With this in mind we are prepared for the warning that Alfred Corn offers the unsuspecting reader. He notes that, just as the picture essay Bishop describes “is not to be found in the February 1918 National Geographic,” so “Anyone checking to see whether Miss Bishop's aunt was named Consuelo probably ought to be prepared for a similar thwarting of curiosity.” In the face of this, one might well pose the question that Corn then frames: “If the facts are ‘wrong,’ why did Bishop make such a point of them in the poem?”15 Or, to put the question another way, toward what end does Bishop attempt to appropriate a literal grounding for her poem if that poem insists on fracturing the literality on which it positions itself? Whatever answer one might posit in response to such a question, the very fact that the poem invites us to ask it, the very fact that the poem revises simplistic conceptions of “fact” or literality may answer objections to my remark that there is something strange about the critics' agreement on the literal events that take place within the text.
But a new objection will surely be raised, accusing me of conflating two different senses of the “literal,” or even of using “literal” in a way that is itself not strictly literal. While there may be questions, the objectors will insist, about the text's fidelity to the facts outside of it—questions, that is, about the literal truth of the text—those questions do not prevent us from articulating literally what happens within that text.
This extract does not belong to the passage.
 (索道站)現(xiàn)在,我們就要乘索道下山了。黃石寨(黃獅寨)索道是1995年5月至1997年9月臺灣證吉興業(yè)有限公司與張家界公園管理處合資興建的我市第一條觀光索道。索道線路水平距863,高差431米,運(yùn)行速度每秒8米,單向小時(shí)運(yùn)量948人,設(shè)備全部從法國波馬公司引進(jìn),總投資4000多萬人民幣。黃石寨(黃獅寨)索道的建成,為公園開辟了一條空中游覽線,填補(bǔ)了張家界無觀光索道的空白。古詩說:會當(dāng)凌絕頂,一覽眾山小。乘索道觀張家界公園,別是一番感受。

Whether or not Bishop had a real Aunt Consuelo, there can be no doubt, they will argue, that Vendler and Estess and Wood are correct in asserting that, literally, within the poem, and as one of its crucial events, Aunt Consuelo cries out in pain from inside the dentist's office. And yet I intend not only to cast doubt upon that central event, but to suggest that the poem itself is less interested in the event than in the doubts about it, and that the critics' certainties distort the poem's insistence on confusion.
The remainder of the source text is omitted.